A former Mexican pharmacy employee has been sentenced to more than seven years in prison for distributing fentanyl-laced pills that killed a Monterey County resident.
Francisco Javier Schraidt Rodriguez, 63, was charged with distributing fentanyl and conspiring to distribute fentanyl and alprazolam in a replacement filing filed in March. He pleaded guilty to both charges in April.
From June 2018 to November 2019, Rodriguez colluded with others to sell counterfeit pharmaceutical pills containing fentanyl, as well as bottles of alprazolam (US brand name Xanax) packaged as “Farmapram,” he admitted in his plea deal.
During the conspiracy, Rodriguez was living in Mexico and working at a Mexicali-based pharmacy, while his co-conspirator was in Monterey County, according to a press release from the United States Attorney’s Office in the Northern District of California.
On multiple occasions, Rodriguez’s co-conspirator ordered bottles of alprazolam and fentanyl-laced “M30” pills. M30 tablets are round and often light blue in color, although they are available in many other colors. Meant to mimic Oxycodone, “M” is imprinted on one side of the pill and “30” on the other.

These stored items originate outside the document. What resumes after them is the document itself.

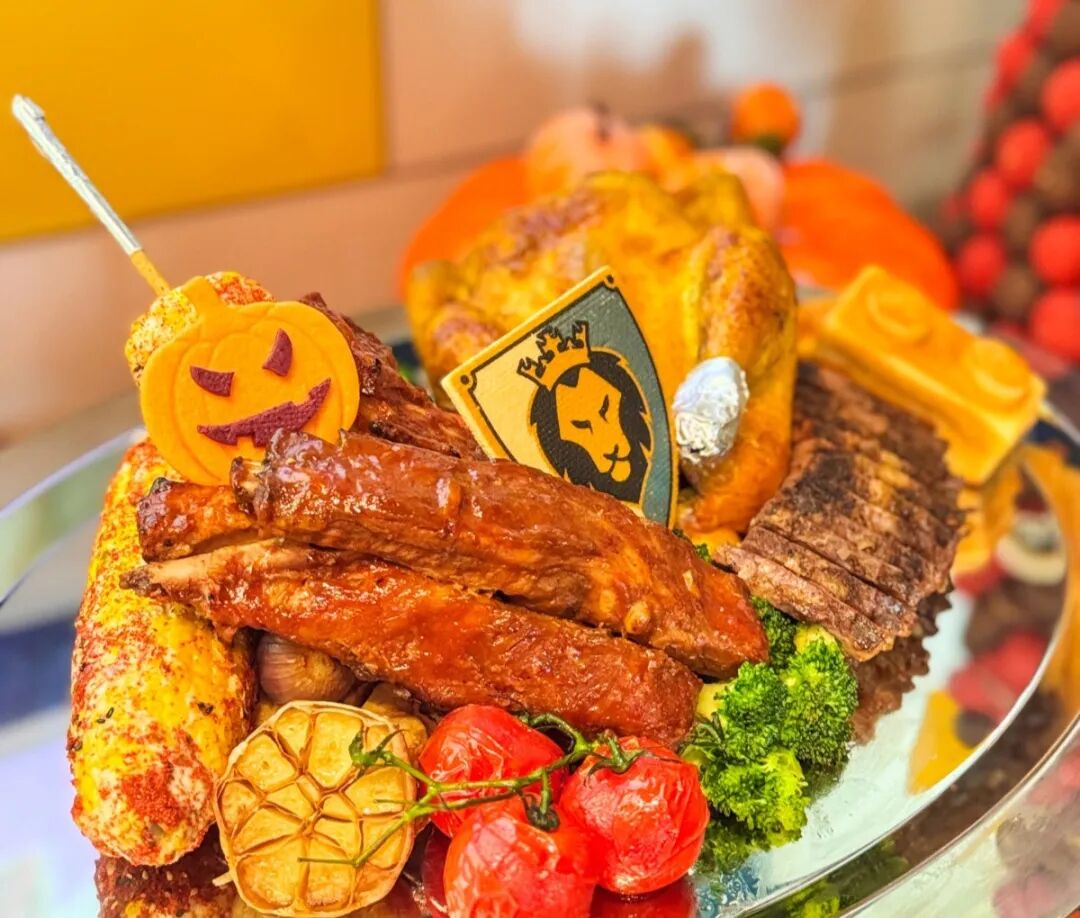满足了眼睛也不能亏待肚子。“骑士宴会餐厅”享受万圣节主题自助晚餐就是最好的选择。金黄诱人的烤鸡、汁水丰盈的肋排与牛胸肉,搭配特调魔药饮品与“鬼脸”造型点心,不仅满足味蕾,更延续了整体的派对氛围,令人仿佛置身于异世界部落的欢庆盛宴中。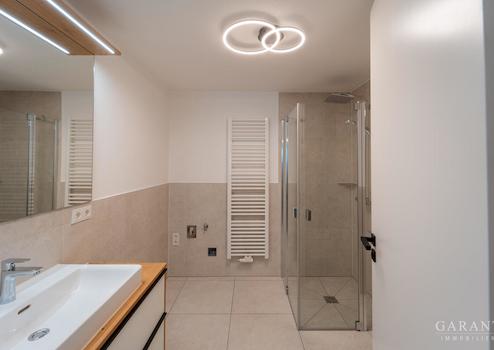 Zwei Schlafzimmer bieten vielseitige Nutzungsmöglichkeiten - Ideal als Eltern und Kinderzimmer, Gästezimmer oder Homeoffice. Besonders komfortabel ist die Ausstattung mit zwei modernen Badezimmern, eines davon En Suite. Beide Bäder überzeugen durch hochwertige Sanitärobjekte, bodengleiche Duschen, elegante Feinsteinfliesen und klare Linienführung. Der Eingangsbereich mit Windfang sorgt für einen angenehmen Empfang und unterstreicht die funktionale Aufteilung der Wohnung.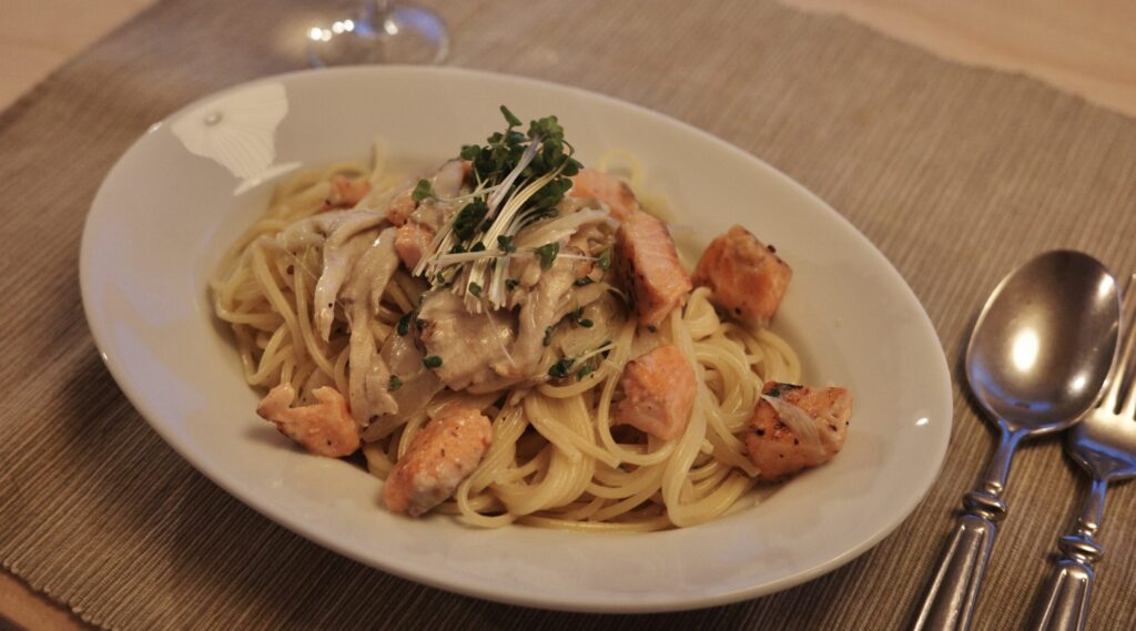 サーモンと舞茸のクリームパスタ

After receiving an order, Rodriguez transported the drugs from Mexicali, Mexico, and across the United States border to Calexico, California. He then mailed the drugs to his co-conspirator’s Monterey County address. Rodriguez sent the M30s in about 100 pills at a time, often fronting the pills and accepting payment at a later date after his co-conspirator resold the drugs.
Rodriguez acknowledged in his plea deal that when he sold the M30s, he knew the pills contained fentanyl. His co-conspirator also knew what the pills were laced with, as they asked Rodriguez if the M30s contained fentanyl and he advised they did, according to federal prosecutors.
Now the leading cause of drug overdose deaths in the United States, fentanyl is 50 to 100 times more potent than morphine. Nonprescription fentanyl is sold on Snapchat and Instagram as counterfeit pills such as Percocet, Xanax and Oxycontin. Nearly half of all counterfeit pills tested contained a lethal dose of fentanyl, according to the U.S. Drug Enforcement Administration. Many who take counterfeit pills cut with fentanyl are unaware that they have taken a lethal dose of the drug.
Rodriguez admitted that the M30 pills he sold killed a victim who overdosed on his pills. He described in his plea deal that between August 2019 and September 5, 2019, he sold M30 pills containing fentanyl to his Monterey County co-conspirator. He acknowledged that some of those M30s were subsequently sold to the Monterey County victim, who had ingested part of one or more of the fentanyl-laced tablets, causing an overdose.
The victim was found unconscious in his home. He died as a result of the overdose. The victim left behind a husband and a son.
In addition to his seven-and-a-half-year federal prison sentence, Rodriguez has also been sentenced to three years of surveillance after his release. Rodriguez was remanded in custody at the hearing earlier this week to serve his sentence immediately.